Anti-smoking info campaign targets minorities

A statewide anti-smoking campaign aimed at minorities and those in poverty that highlights the dangers of second-hand smoke has begun.

Dubbed “Everybody Smokes When Anybody Smokes,” the campaign will use radio, bus and billboard advertisements to get the message across. And local anti-smoking advocates say they hope it will bolster their ongoing efforts to reach into minority communities to underscore the dangers of smoking.

“There are definitely certain groups that are impacted in different ways,” said Mandy Myszka, public health educator for the Marathon County Health Department. “For instance, the lower socio-economic population, the tobacco companies really target them specifically. They can offer them free tobacco products to get them started, for instance.”

The state campaign — promoted by the Wisconsin Tobacco Prevention and Control Program, a coalition of community anti-smoking activists and the state Department of Health Services — will use minority spokespeople to help make the connection with minority groups. For example, Blia Lor, a Hmong woman from Milwaukee, will be featured on billboards.

Myszka said her department has worked with the Wausau Area Hmong Mutual Association to take an anti-smoking message to the Hmong community.

There have been anti-smoking workshops, and the subject has been outlined on Hmong radio shows, said Peter Yang, executive director of the Wausau Area Hmong Mutual Association.
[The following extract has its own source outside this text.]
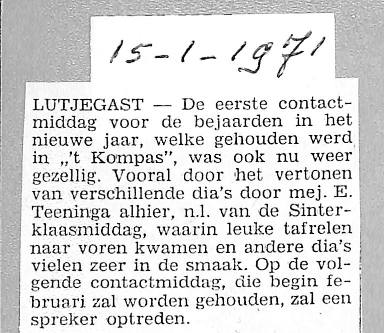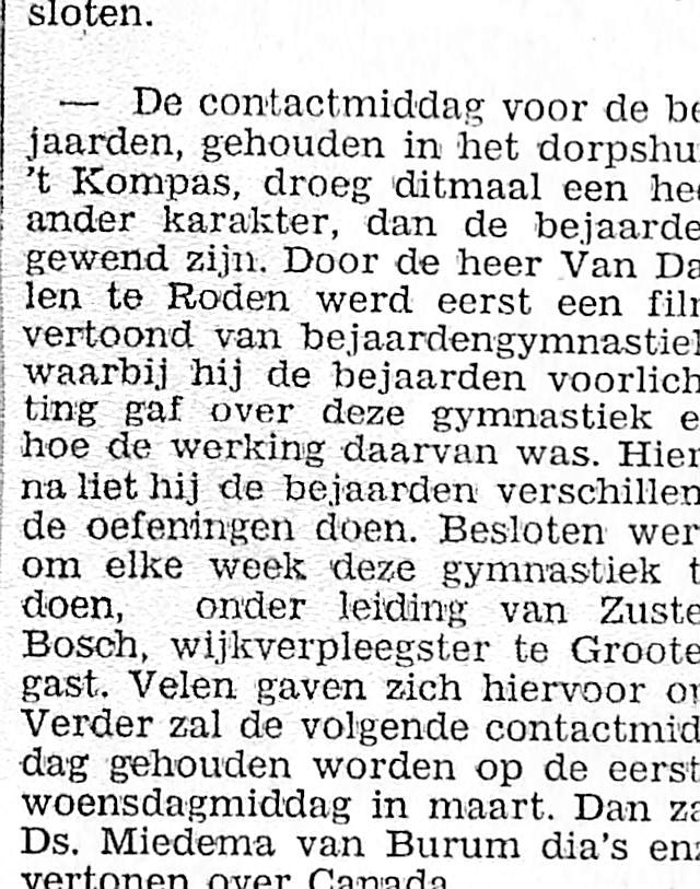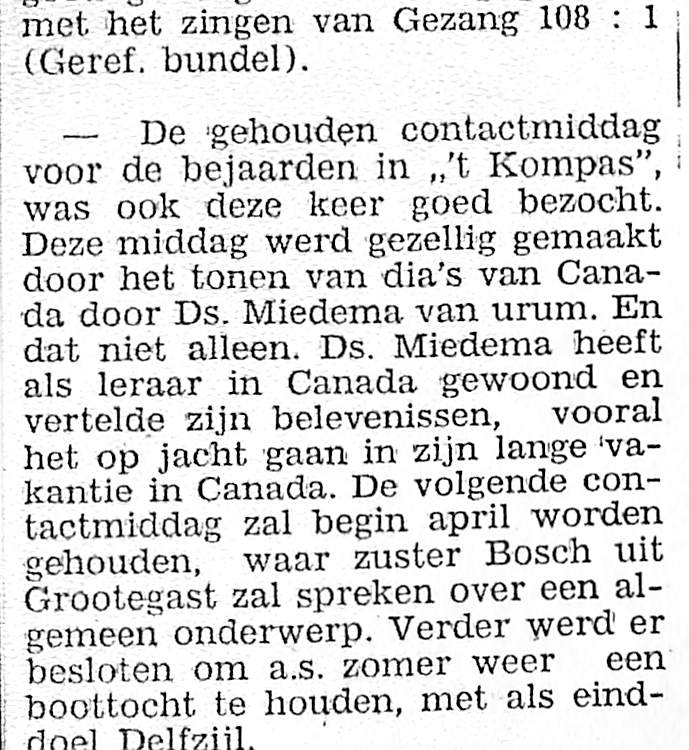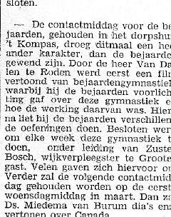 Films boottocht, dia's, plannen oprichting zangkoortje, aandacht voor bejaardengymnastiek

“We don’t see a lot of older Hmong smoking,” Yang said. “But we’re seeing more of the younger generation smoking. … I think they do like their peers, and it depends on who their peers are.”
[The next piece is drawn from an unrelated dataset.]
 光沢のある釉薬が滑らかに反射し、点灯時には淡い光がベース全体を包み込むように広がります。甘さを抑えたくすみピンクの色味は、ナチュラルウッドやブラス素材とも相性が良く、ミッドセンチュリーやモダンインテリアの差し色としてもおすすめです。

That’s how John Vang, 19, of Wausau started smoking. He started when he was 16 “because I had friends who smoked.”

Now he’s cutting back on his habit, and he’d like to quit, “but it’s hard.”

He thinks putting a Hmong face on an anti-smoking advertisement might make some Hmong be “more apt to stop and look at it.” Whether it will weigh on anybody’s choice to smoke, he’s not so sure.

Vang’s already aware of second-hand smoke dangers, and he doesn’t smoke in front of his younger brother and sisters. He counsels them “not to try it.”

The “Everybody Smokes When Anybody Smokes” program will help the Hmong association with its anti-smoking efforts, Yang said, especially by using Hmong spokespeople.

“I think it will definitely bring more awareness in the community,” he said. “Hopefully, that will make people think twice about the long-term impact of smoking.”